As this article has shown, British South Asian theater productions merit particular scholarly attention for their negotiation of questions of national belonging in the war on terror period. The corpus of plays identified here emphasizes the social problems affecting the second and third generation of South Asians, who have unwaveringly identified Britain as their home until the onset of the post-9/11 political world. For these characters, home is no longer congruent with their families’ places of origin, with which they might have little familiarity or attachment.

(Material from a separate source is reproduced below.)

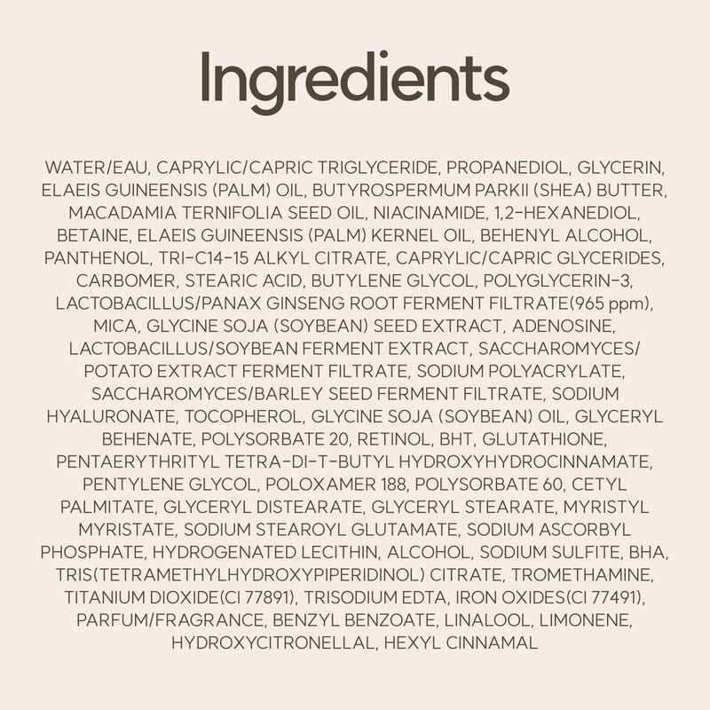 - [GINSENG EYE SERUM] Infused with sustainably grown Korean ginseng, this eye serum deeply hydrates and improves skin elasticity—revealing a naturally radiant glow. A gentle yet effective early anti-aging solution.
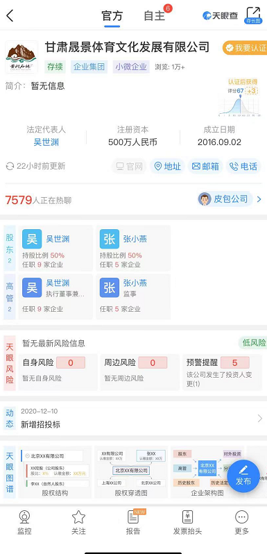 ▲甘肃晟景体育文化发展有限公司天眼查截图

Yet the resignification of home in terms of “routes” rather than “roots” (as is presumably characteristic of diasporic postcolonial subjects) is equally fraught; after all, the protagonists’ navigation of urban routes and public infrastructure is crucially restricted by the new security regimes. The postcolonial subjects dramatized in British South Asian theater after 7/7 persist, stubbornly or creatively, in maintaining their claims to the UK as the nation-home. In so doing, characters such as Rahul, Ammi, Rehaan, and Karim challenge spectators to acknowledge their bonds to the nation as valid and stable rather than demanding constant renewal and proof.